On Dec 1, 2010, at 11:11 AM, Owen O'Malley wrote:
All,
We really need some guidance on the general direction for the
project. Please comment and/or vote. If no one cares, then I'll
probably commit it to Yahoo's internal branch.
-- Owen
The question is how the Hadoop project wants to move forward.
It was motivated by Doug's veto of HADOOP-6685, which was based on
his personal decisions about how the project should go forward and
not on anything that had been decided by the PMC.
These decisions are much more important to MapReduce, which is a
framework, than HDFS which is a client/server model.
1. Should Hadoop include a user-facing library of useful code?

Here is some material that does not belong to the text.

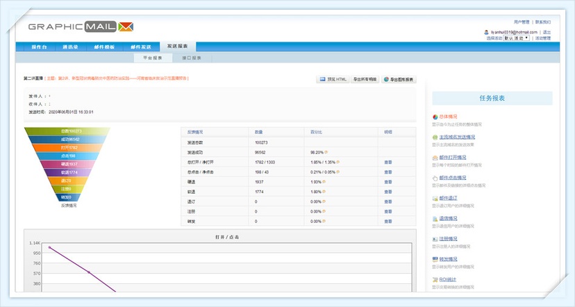 海量邮件模板:海量精美免费模板和易用的编辑器能帮您轻松创建制作邮件 群发成功率高:技术领先并与邮箱服务商的良好沟通,确保了优秀的送达率 数据跟踪分析:对邮件打开、链接点击、转发、退订情况的数据全面跟踪 社交平台发布:邮件页脚嵌入社交分享插件,整合社交营销,树立更好口碑 功能特性:稳定运行10年、送达成功率高、进收件箱率高、海量IP支持、模板编辑器、多种语言版本、精细数据报表、整合社交分享

There has been a suggestion that user-facing library code, such as
SequenceFile, TFile, DistCp, etc. should be deprecated and that
Hadoop should allow third party projects like Avro to supply the
user-facing library code that makes Hadoop usable. I think it is
critical that we keep those components as part of Hadoop and extend
them as the framework evolves. Users depend heavily on SequenceFile
for storing their data in Hadoop and they should not be deprecated
as Doug has suggested.
2. Should MapReduce support non-Writables through the pipeline out
of the box?
There has also been a discussion about whether we should support non-
Writables natively. There is already library code in Avro that lets
users use Avro types in a custom MapReduce API. A general MapReduce
API that encompasses all of the serialization frameworks and does
not lock users into a particular one is much more powerful.
Furthermore, making it convenient for the users, by including the
plugins in the default configuration and class path, will enable the
use of Avro, Thrift and ProtoBuf objects by people who would rather
not focus on serialization. Avro and Writables should not be the
only first class serializations that Hadoop supports by default.
3. Should a framework dependency on ProtoBuf be allowed?
Doug has added several framework dependences on Avro. The question
is whether it is acceptable to use the ProtoBuf library in the
framework. Avro is good for uses where there are a lot of objects of
the same type. ProtoBuf is better for small number of objects. The
question is whether Avro, JSON, and XML should be the only
serialization libraries that are acceptable to use in the framework.